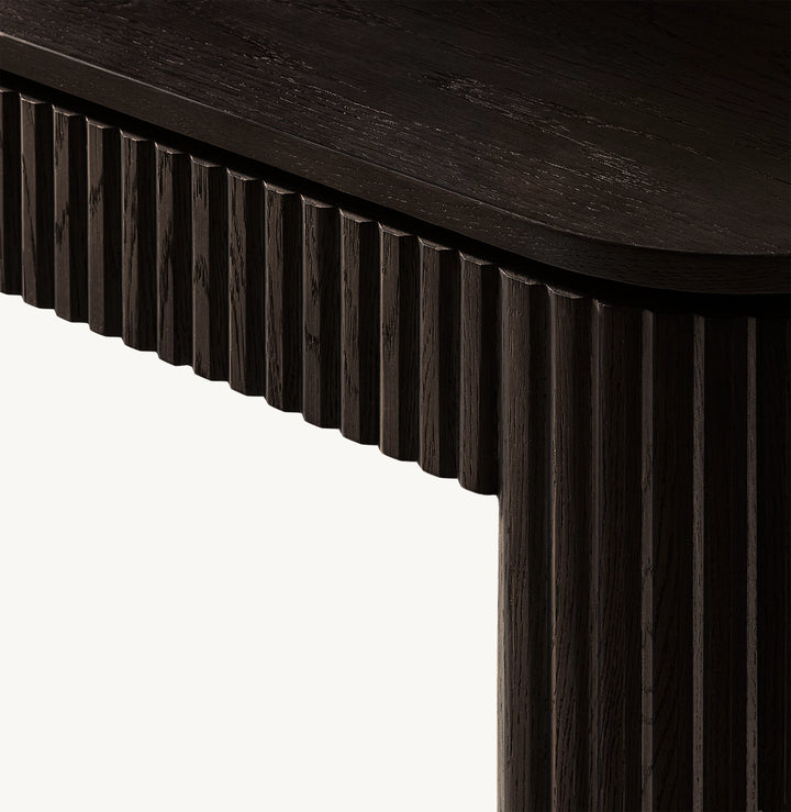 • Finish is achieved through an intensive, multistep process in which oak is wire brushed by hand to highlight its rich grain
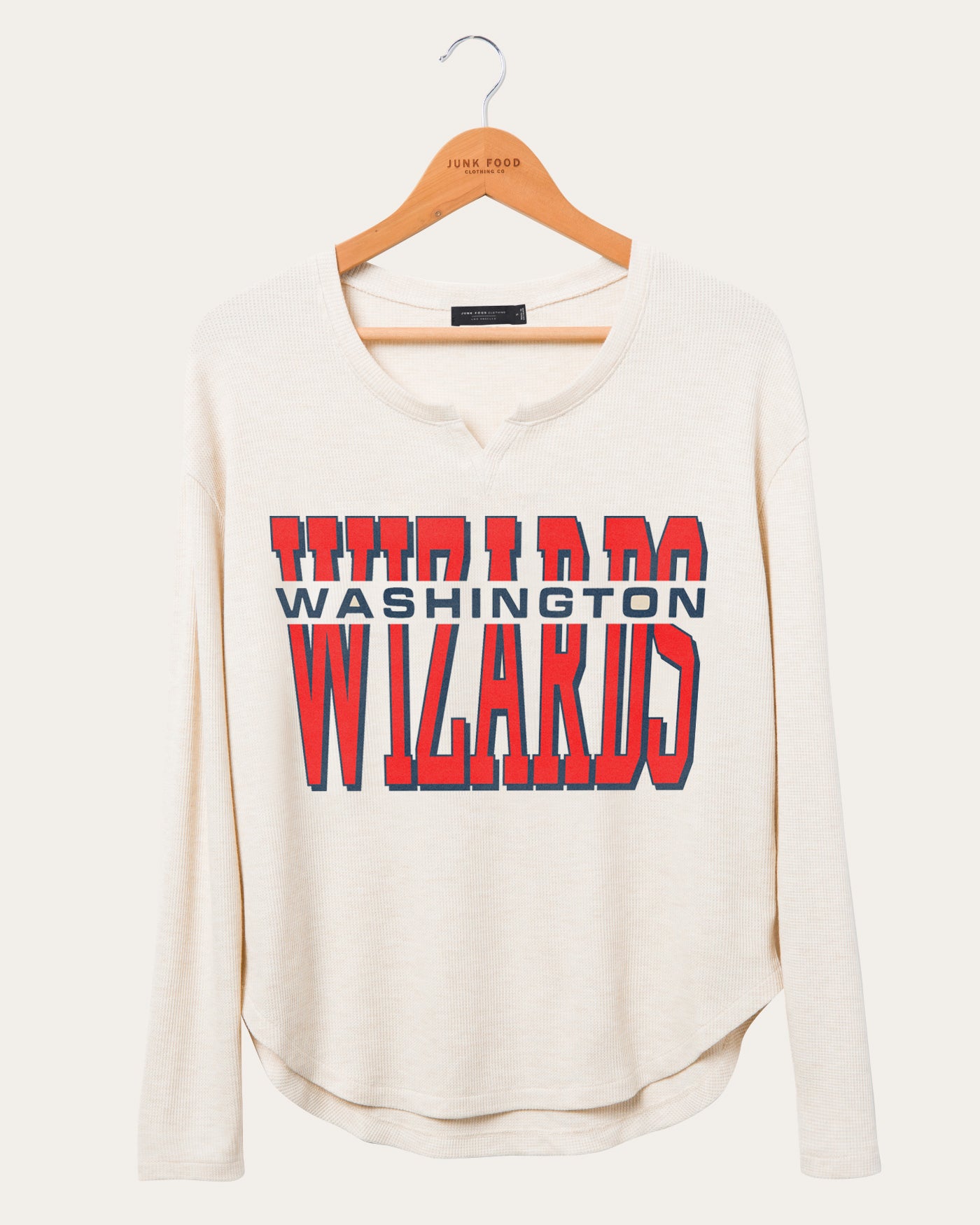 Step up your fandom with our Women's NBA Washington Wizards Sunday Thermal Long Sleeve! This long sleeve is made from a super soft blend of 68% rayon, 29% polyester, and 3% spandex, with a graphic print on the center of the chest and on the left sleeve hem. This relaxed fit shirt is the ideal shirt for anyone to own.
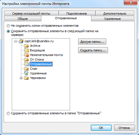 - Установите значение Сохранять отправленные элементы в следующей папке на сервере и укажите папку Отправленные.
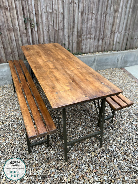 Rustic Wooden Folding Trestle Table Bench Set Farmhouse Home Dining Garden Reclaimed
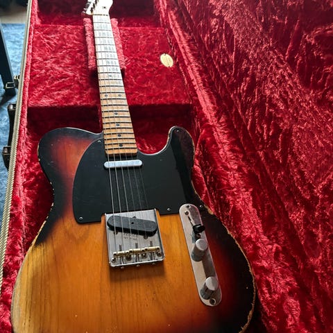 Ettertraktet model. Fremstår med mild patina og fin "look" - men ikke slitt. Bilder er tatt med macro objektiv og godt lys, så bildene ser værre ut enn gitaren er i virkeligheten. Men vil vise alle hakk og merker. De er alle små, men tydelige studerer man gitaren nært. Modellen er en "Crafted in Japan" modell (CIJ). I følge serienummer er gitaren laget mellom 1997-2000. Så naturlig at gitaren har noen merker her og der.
◇ ◇ ◇ ◇ ◇
→ The problem:
Instructions for the listing above: set down every entry exactly and drop any image.

→ Solved problem:
 • Finish is achieved through an intensive, multistep process in which oak is wire brushed by hand to highlight its rich grain
 Step up your fandom with our Women's NBA Washington Wizards Sunday Thermal Long Sleeve! This long sleeve is made from a super soft blend of 68% rayon, 29% polyester, and 3% spandex, with a graphic print on the center of the chest and on the left sleeve hem. This relaxed fit shirt is the ideal shirt for anyone to own.
 - Установите значение Сохранять отправленные элементы в следующей папке на сервере и укажите папку Отправленные.
 Rustic Wooden Folding Trestle Table Bench Set Farmhouse Home Dining Garden Reclaimed
 Ettertraktet model. Fremstår med mild patina og fin "look" - men ikke slitt. Bilder er tatt med macro objektiv og godt lys, så bildene ser værre ut enn gitaren er i virkeligheten. Men vil vise alle hakk og merker. De er alle små, men tydelige studerer man gitaren nært. Modellen er en "Crafted in Japan" modell (CIJ). I følge serienummer er gitaren laget mellom 1997-2000. Så naturlig at gitaren har noen merker her og der.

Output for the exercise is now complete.